** Instructions for the task **
Beginning with the line that holds "Od 13. 4. do" and ending with the last line below, please copy every line exactly, add nothing, and leave out the pictures.

** Data **
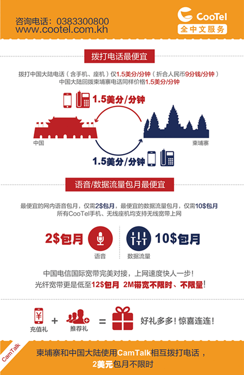 CooTel电信全中文服务!拨打中国大陆电话(含手机、座机)仅1.5美分/分钟(折合人民币9分钱/分钟)。 最便宜的网内语音包月,仅需2$! 最便宜的数据流量包月,仅需10$! 所有CooTel手机、无线座机均支持无线宽带上网哦! 中国电信国际宽带完美对接,上网速度快人一步!光纤宽带更是低至12$/月,2M宽带不限时、不限量! 柬埔寨和中国大陆使用CamTalk相互拨打电话,2$包月不限时,特别适合与国内家人或朋友频繁联系的朋友哦! 咨询电话:038 3300 800 CooTel官网:www.cootel.com.kh
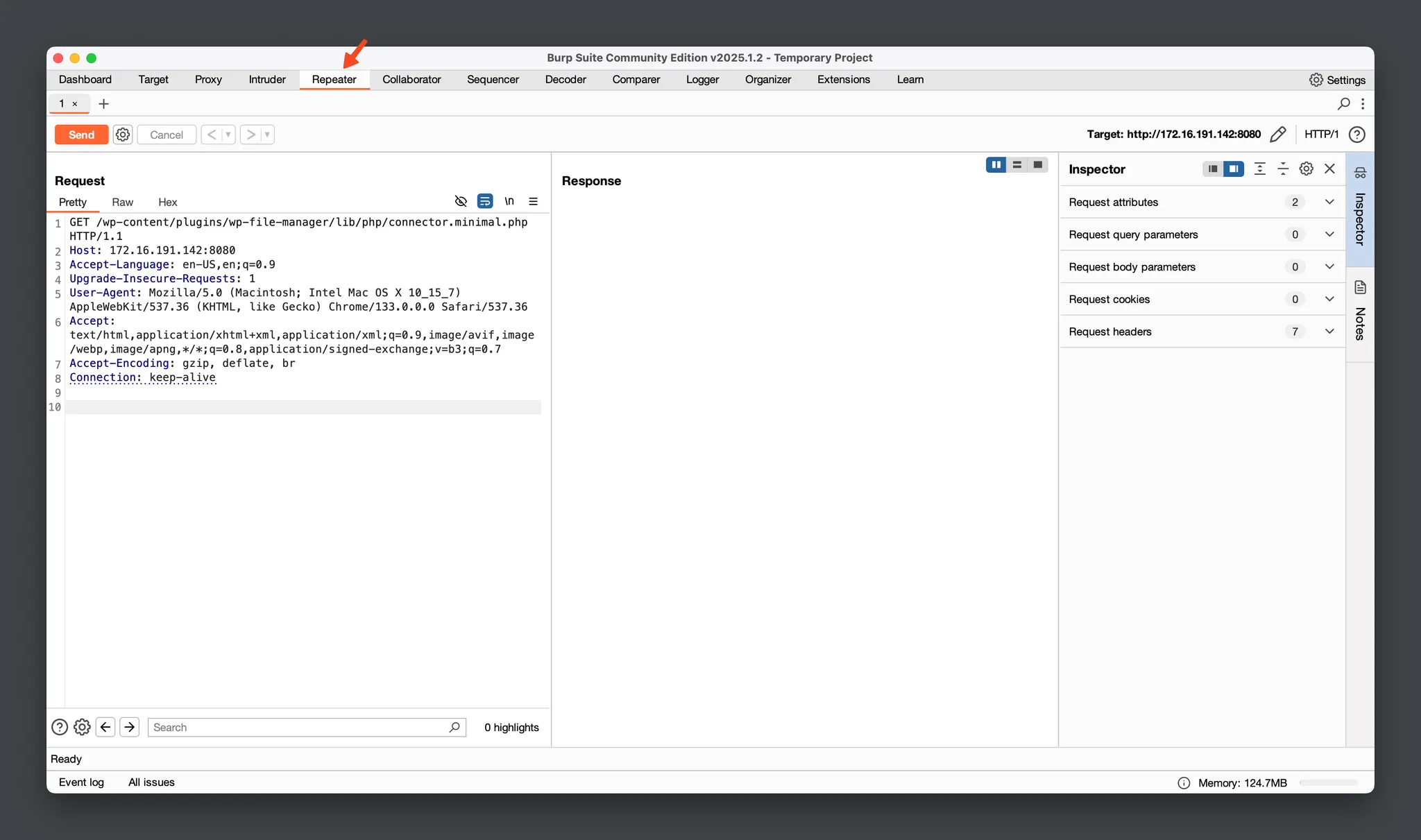 connector.minimal.phpand select “Send to Repeater”. - Click the Repeater tab, where you can modify the HTTP request and resend it.
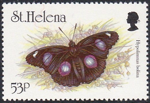 Visibility: public Image owner: none postage 8/9/1994 53p multi dt=butterflies (1994 St. Helena) d=Hypolimnas bolina (1994 St. Helena) wmk=mult crown & script CA Crops No visible images cropped from this one. Measurements Resolution is unknown. Source Source name: Colnect File URL: http://i.colnect.net/b/2529/885/Great-Eggfly-Hypolimnas-bolina.jpg Uploaded October 7, 2015, 4:46 pm by Stan Shebs |
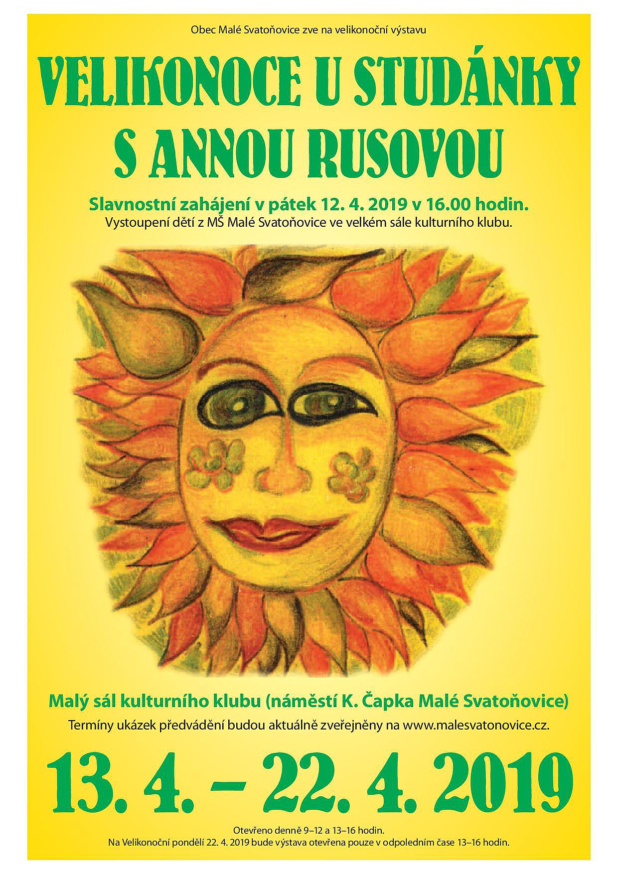 Od 13. 4. do 22. 4. 2019, malý sál kulturního klubu v Malých Svatoňovicích. Vstupné: děti 10 Kč (do 6 let zdarma), ostatní 20 Kč.
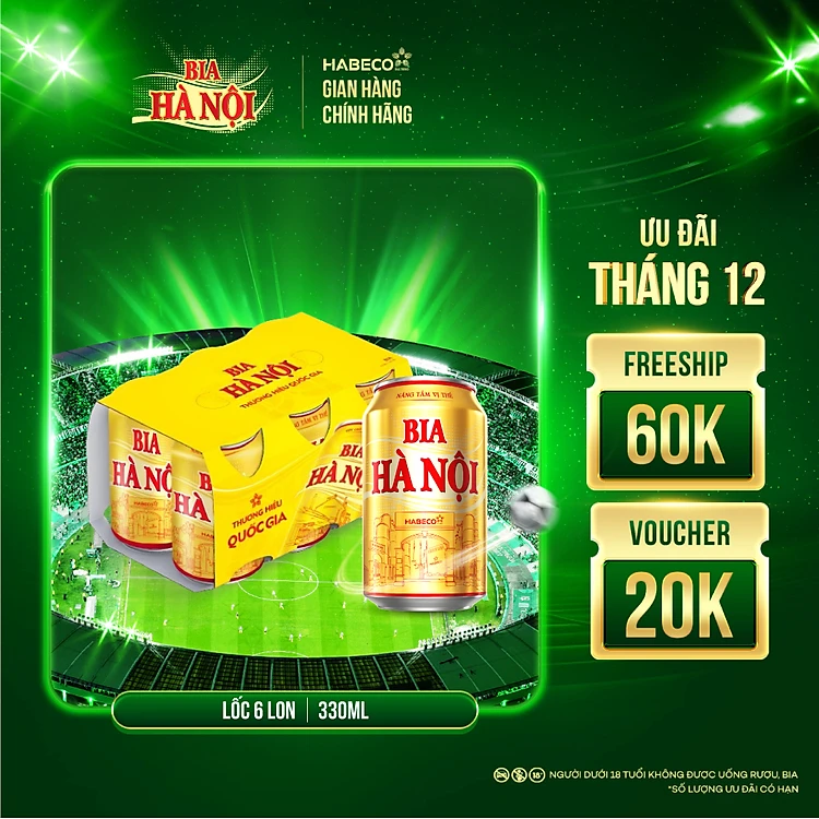 Lốc 6 lon Bia Hà Nội (330ml/lon)

** Reply to the task **
 Od 13. 4. do 22. 4. 2019, malý sál kulturního klubu v Malých Svatoňovicích. Vstupné: děti 10 Kč (do 6 let zdarma), ostatní 20 Kč.
 Lốc 6 lon Bia Hà Nội (330ml/lon)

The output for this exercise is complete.